What you need to do -
In the listing that follows, find the line with "Fönster: Välj en", then copy exactly from it through the line with "Another incredible spot", leaving out every picture.

Provided data: Begin

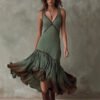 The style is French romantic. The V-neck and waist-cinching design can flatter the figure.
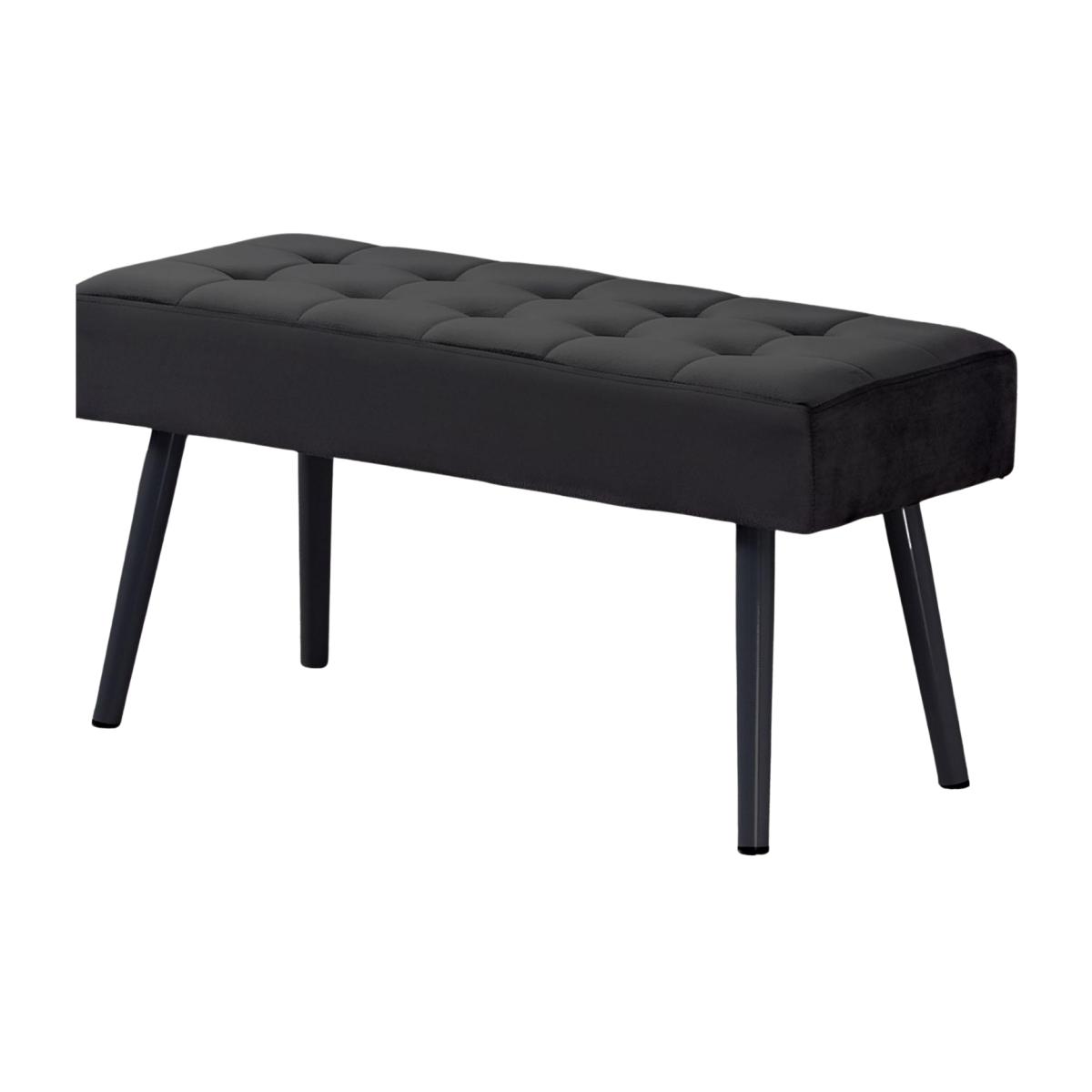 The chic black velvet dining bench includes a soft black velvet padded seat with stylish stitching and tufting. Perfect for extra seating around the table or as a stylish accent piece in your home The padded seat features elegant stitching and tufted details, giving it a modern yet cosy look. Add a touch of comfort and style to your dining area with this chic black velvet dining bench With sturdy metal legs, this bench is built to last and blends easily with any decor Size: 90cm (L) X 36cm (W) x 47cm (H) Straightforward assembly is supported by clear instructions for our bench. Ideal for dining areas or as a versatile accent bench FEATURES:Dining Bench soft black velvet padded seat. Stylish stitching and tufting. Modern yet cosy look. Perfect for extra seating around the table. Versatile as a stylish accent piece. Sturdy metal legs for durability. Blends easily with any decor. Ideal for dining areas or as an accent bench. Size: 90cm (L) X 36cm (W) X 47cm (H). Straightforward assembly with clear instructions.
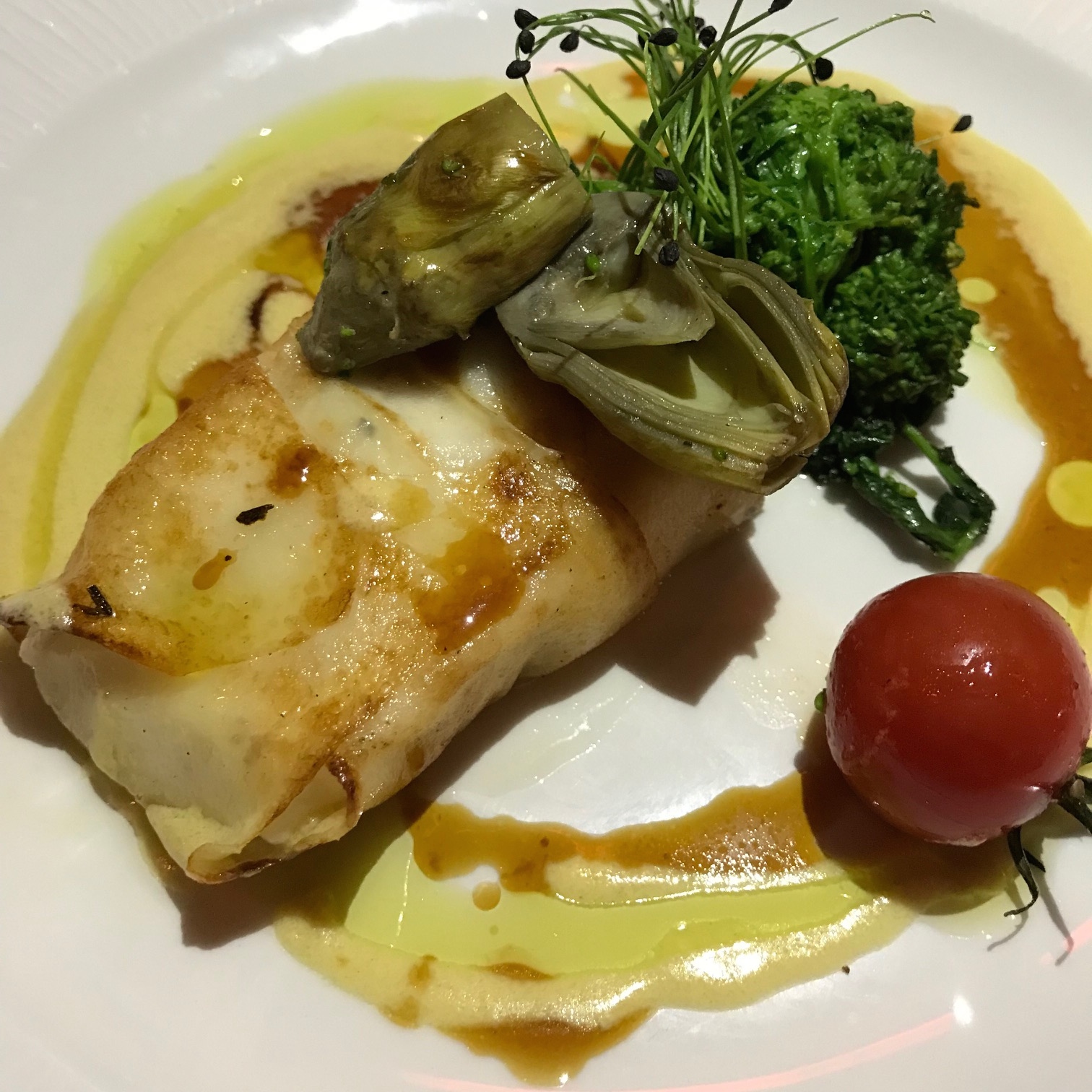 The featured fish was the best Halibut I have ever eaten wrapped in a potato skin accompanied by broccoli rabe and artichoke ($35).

Provided data: End
Provided data: Begin

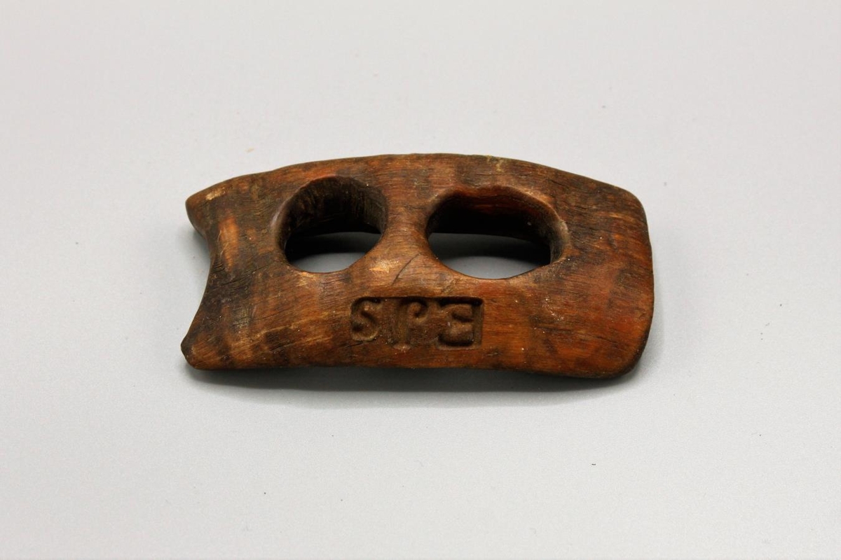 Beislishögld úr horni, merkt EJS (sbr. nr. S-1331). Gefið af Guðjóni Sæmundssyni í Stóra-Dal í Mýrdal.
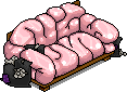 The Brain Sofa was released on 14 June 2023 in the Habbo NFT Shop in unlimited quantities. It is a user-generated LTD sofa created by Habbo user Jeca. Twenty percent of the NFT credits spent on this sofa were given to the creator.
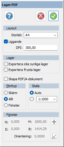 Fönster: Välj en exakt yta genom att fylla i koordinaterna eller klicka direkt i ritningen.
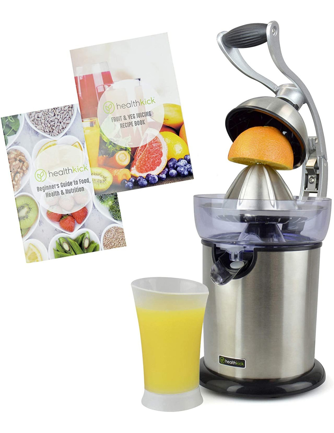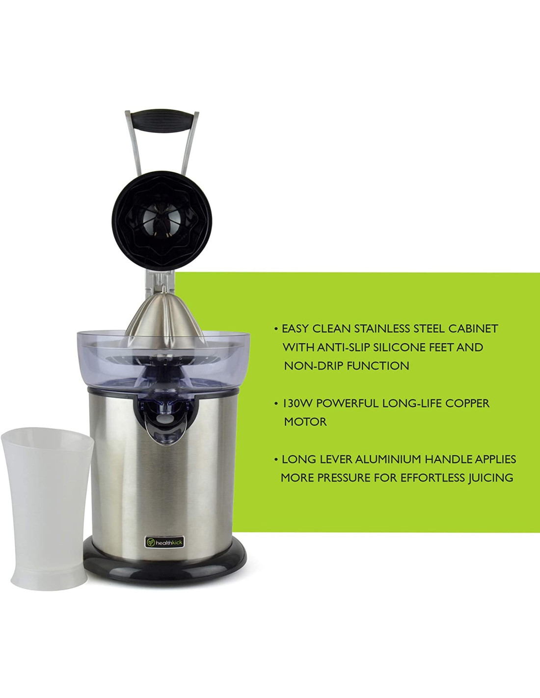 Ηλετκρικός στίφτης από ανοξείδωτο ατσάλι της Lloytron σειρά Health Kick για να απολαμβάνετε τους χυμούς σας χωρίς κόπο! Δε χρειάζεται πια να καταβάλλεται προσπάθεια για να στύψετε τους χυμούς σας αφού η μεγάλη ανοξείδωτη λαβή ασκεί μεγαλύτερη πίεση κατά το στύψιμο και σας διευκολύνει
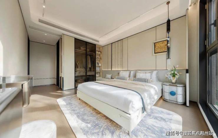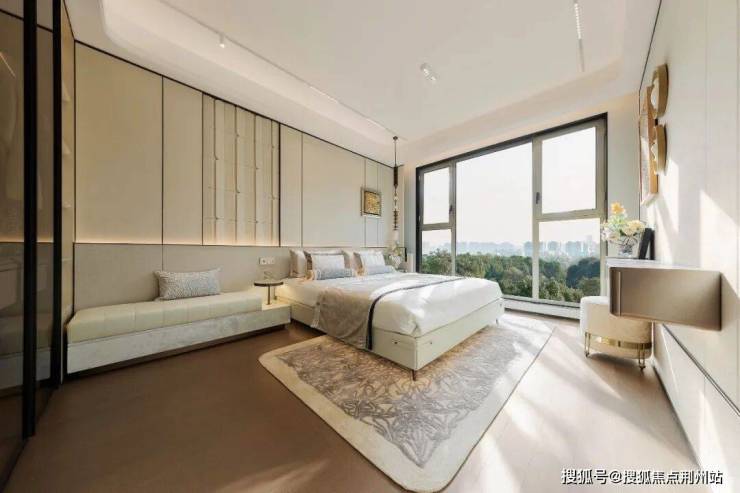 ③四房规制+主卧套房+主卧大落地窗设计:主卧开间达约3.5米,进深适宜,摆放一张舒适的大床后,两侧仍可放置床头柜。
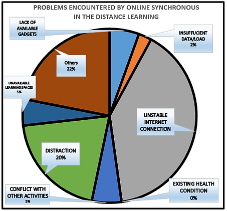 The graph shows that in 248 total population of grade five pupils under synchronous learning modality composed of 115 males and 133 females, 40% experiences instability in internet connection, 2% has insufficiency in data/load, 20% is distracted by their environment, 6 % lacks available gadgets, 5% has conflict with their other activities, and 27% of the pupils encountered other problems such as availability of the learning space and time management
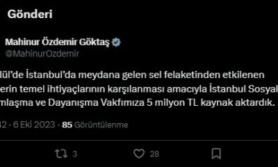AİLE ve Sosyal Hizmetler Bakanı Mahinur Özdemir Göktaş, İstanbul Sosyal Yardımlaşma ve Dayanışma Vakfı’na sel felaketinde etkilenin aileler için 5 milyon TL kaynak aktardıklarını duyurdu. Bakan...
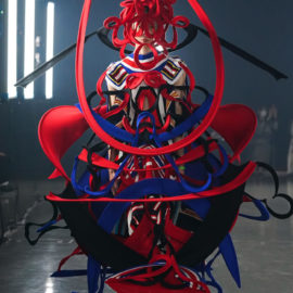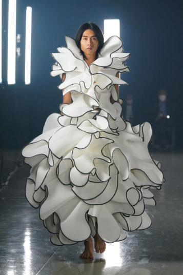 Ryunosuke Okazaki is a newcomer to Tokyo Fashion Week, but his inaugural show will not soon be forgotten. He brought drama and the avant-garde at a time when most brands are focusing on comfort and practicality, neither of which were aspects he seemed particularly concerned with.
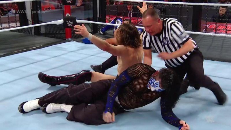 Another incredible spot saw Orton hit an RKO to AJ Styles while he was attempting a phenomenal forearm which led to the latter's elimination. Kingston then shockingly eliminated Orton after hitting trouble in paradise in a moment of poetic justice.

Provided data: End

Result for this exercise -
 Fönster: Välj en exakt yta genom att fylla i koordinaterna eller klicka direkt i ritningen.
 Ηλετκρικός στίφτης από ανοξείδωτο ατσάλι της Lloytron σειρά Health Kick για να απολαμβάνετε τους χυμούς σας χωρίς κόπο! Δε χρειάζεται πια να καταβάλλεται προσπάθεια για να στύψετε τους χυμούς σας αφού η μεγάλη ανοξείδωτη λαβή ασκεί μεγαλύτερη πίεση κατά το στύψιμο και σας διευκολύνει
 ③四房规制+主卧套房+主卧大落地窗设计:主卧开间达约3.5米,进深适宜,摆放一张舒适的大床后,两侧仍可放置床头柜。
 The graph shows that in 248 total population of grade five pupils under synchronous learning modality composed of 115 males and 133 females, 40% experiences instability in internet connection, 2% has insufficiency in data/load, 20% is distracted by their environment, 6 % lacks available gadgets, 5% has conflict with their other activities, and 27% of the pupils encountered other problems such as availability of the learning space and time management
AİLE ve Sosyal Hizmetler Bakanı Mahinur Özdemir Göktaş, İstanbul Sosyal Yardımlaşma ve Dayanışma Vakfı’na sel felaketinde etkilenin aileler için 5 milyon TL kaynak aktardıklarını duyurdu. Bakan...
 Ryunosuke Okazaki is a newcomer to Tokyo Fashion Week, but his inaugural show will not soon be forgotten. He brought drama and the avant-garde at a time when most brands are focusing on comfort and practicality, neither of which were aspects he seemed particularly concerned with.
 Another incredible spot saw Orton hit an RKO to AJ Styles while he was attempting a phenomenal forearm which led to the latter's elimination. Kingston then shockingly eliminated Orton after hitting trouble in paradise in a moment of poetic justice.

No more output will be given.